The dispatch packet hinted at success_rate: successes / (successes + failures). Implementation uses successes / calls_total, which is mathematically equivalent (calls_total === successes + failures per I-AGG-1) but more robust against future record types.
The “exact 1 × recordRouterCall per successful adapter call” invariant (contract I-RR-20) is verified via the aggregate counts, not via a spy. The spy-pattern path would require mocking the cost module, which adds complexity for no additional confidence (the in-memory aggregates ARE the spy).

10. Confirmation: P1.5.5 fallback tests still pass

The pre-existing P1.5.5 fallback test suite (53 tests, all 17 of the original Phase-0 + the cascade / CB / timeout / shape-flip coverage) continues to pass byte-identically.

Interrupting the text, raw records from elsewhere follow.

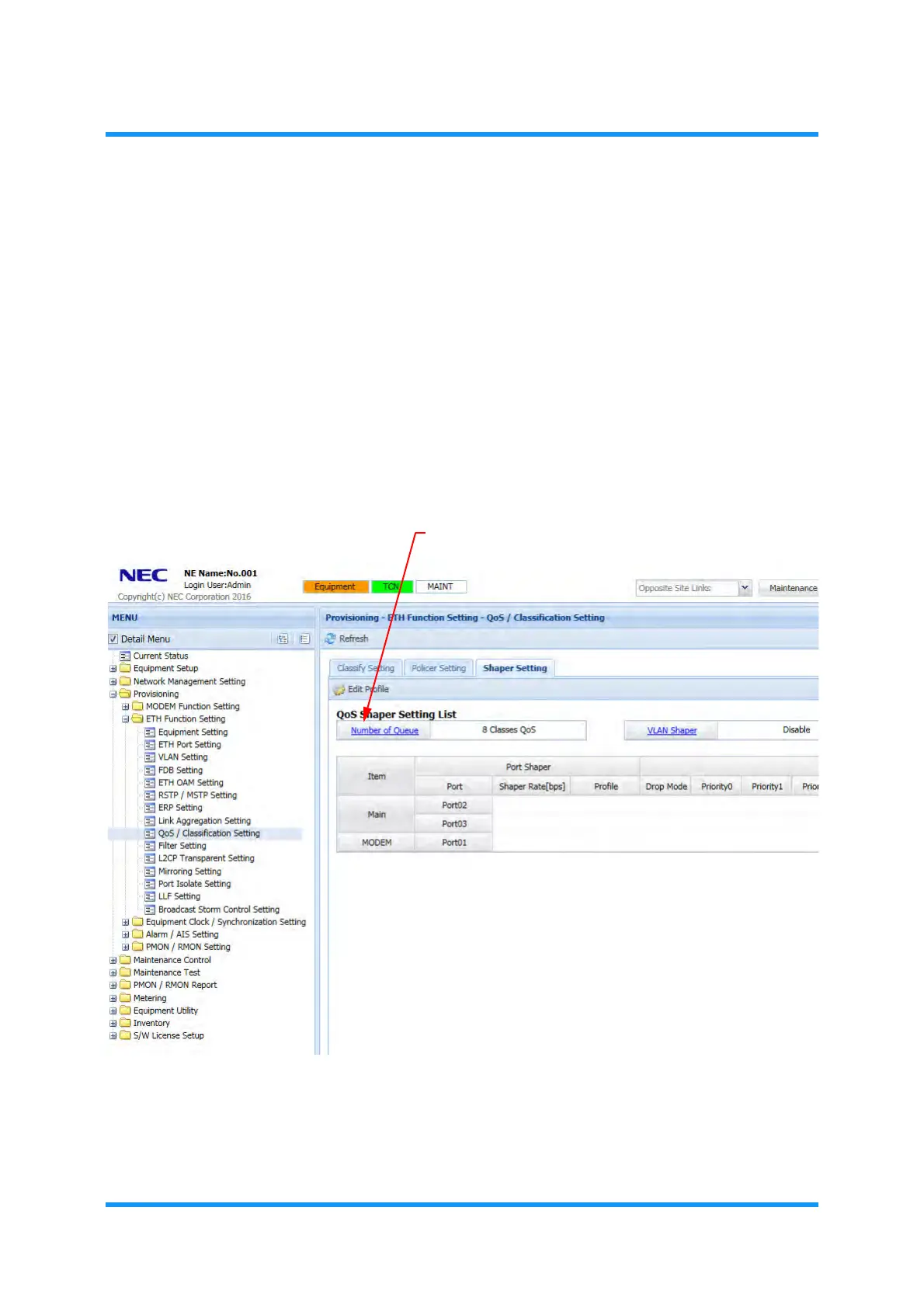 8.10.3.1 QoS Class and Shaper Setting
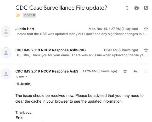 We’re gonna walk through the latest update to the file which came out today. Actually, it came out yesterday but I emailed the CDC that the file DID NOT update as well. Surprisingly, “Erik” was manning the inbox and updated the file per my request!
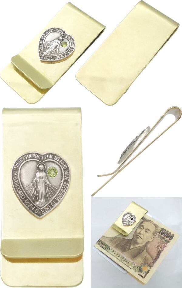 ★ハート型のマリアメダイと誕生石のさり気ないコンビのブラスボディマネークリップ。
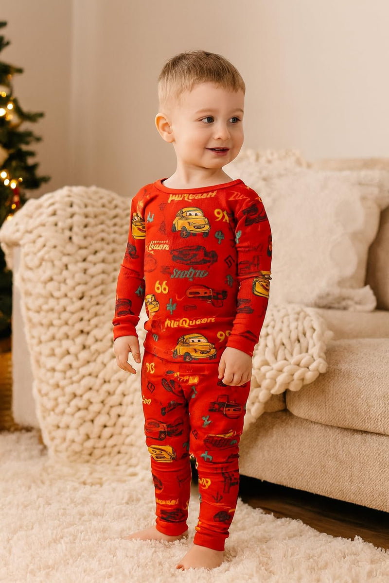 Disney Cars Boys’ Pajama Set – Long Sleeve Lightning McQueen Top & Matching Pants – Soft Viscose Spandex Kids Sleepwear
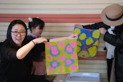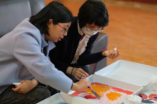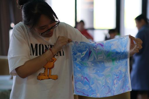 丝巾,是优雅的符号、温柔的象征,“水面作花,纸拓成画”。水拓画更是一种古老的绘画技法,独特的是不需要笔就能创作出色彩艳丽、纹理丰富的作品,它是世界非物质文化遗产,是人类文明的瑰宝。本次活动特邀两位校外老师对如何制作扎染进行现场指导,各位教师根据讲解的步骤,制作了属于自己的独一无二的艺术品。
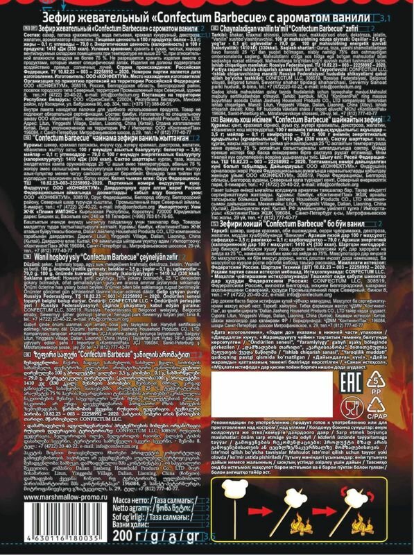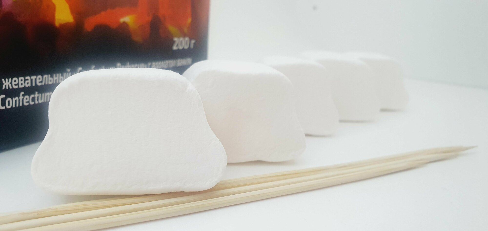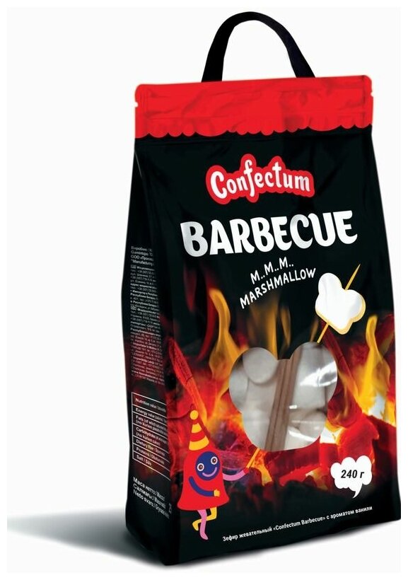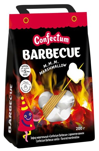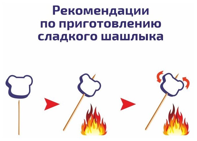 Зефир жевательный крупной формы в виде медвежонка с ароматом ванили, в бумажном пакете с бамбуковыми палочками. Продукт специально разработан для удобства приготовления над углями. Это любимое походное лакомство. Так же можно зажарить над остывающими углями шашлычок из нескольких зефиренок и подать его к чаю — очень необычный и интересный десерт: хрустящая румяная корочка с ароматом дымка и тягучая нежная сердцевина. Все, кто пробовал жарить маршмеллоу на костре, знают, насколько вкусный десерт получается. При нагревании сахар образует аппетитную карамелизованную корочку, а внутри маленькие зефирки плавятся и становятся тягучими и пористыми. Если вы не можете выехать на природу в ближайшее время, советую приготовить маршмеллоу дома в духовке, в микроволновке, на газовой плите или на свече. Если вы никогда не пробовали, надо обязательно это сделать. Проще блюда не придумаешь!
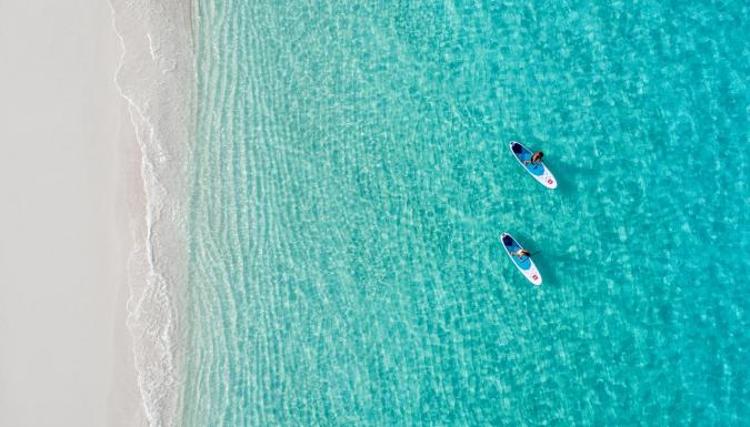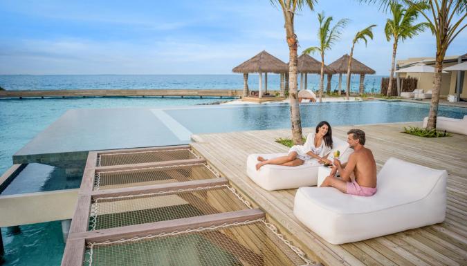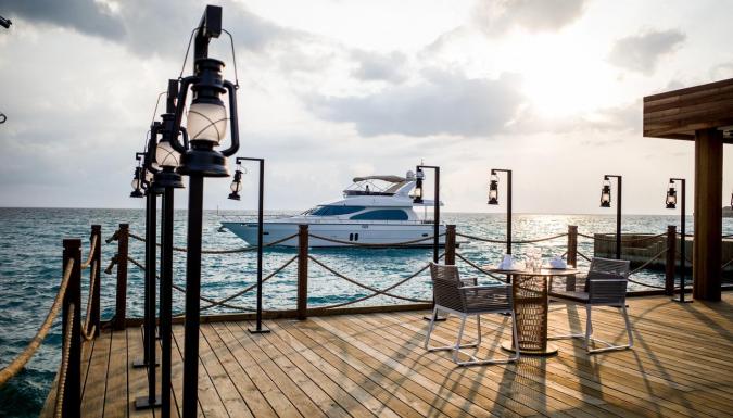 В отеле работают 5 ресторанов. В кафе The Lighthouse можно полюбоваться панорамным 360-градусным видом на Средиземное море и отведать блюда, вдохновленные южно-азиатским кулинарным стилем. В кафе Umi можно отведать блюда, вдохновленные традициями Южной Азии, а также блюда, приготовленные из экологически чистых местных и экологически чистых ингредиентов, выращенных в тщательно отобранной гаммой. В отеле The Retreat, предназначенном только для взрослых гостей, работает бар The Retreat с видом на глубокую голубую лагуну. Гости могут отправиться в круиз на закате, устроить пикник или поучаствовать в вечерних киновечеринках под звездным небом.
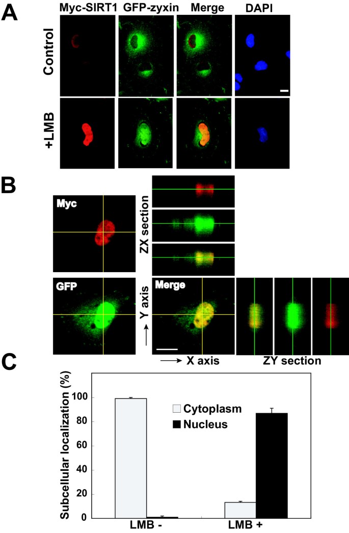 方法细节:在COS-7细胞中共转染Myc标签SIRT1和GFP标签zyxin质粒,培养42小时后用核输出抑制剂雷帕霉素B(LMB)处理6小时,通过免疫荧光(免疫荧光,IF)染色标记Myc-SIRT1,利用激光共聚焦显微镜观察蛋白定位,同时统计LMB处理后核内zyxin积累的细胞比例。

The new “cost + modelsAttempted” describe block is appended at the end of the file; no existing assertion was modified. Verified by running the suite in isolation: 58 / 58 pass.

11. Gate-tail evidence (most-recent run)

Test Suites: 76 passed, 76 total
Tests:       3325 passed, 3325 total
Time:        34.864 s

12. Out-of-scope reminder (carried forward)

router_stats MCP tool → P1.5.7.
Cost parity tests across arbiters → P1.5.8.
ζ Decision Trail recording of cost → P1.5.10.
DB persistence of stats → Phase 2+.
fallbackDepth on RouteResult → not in this dispatch.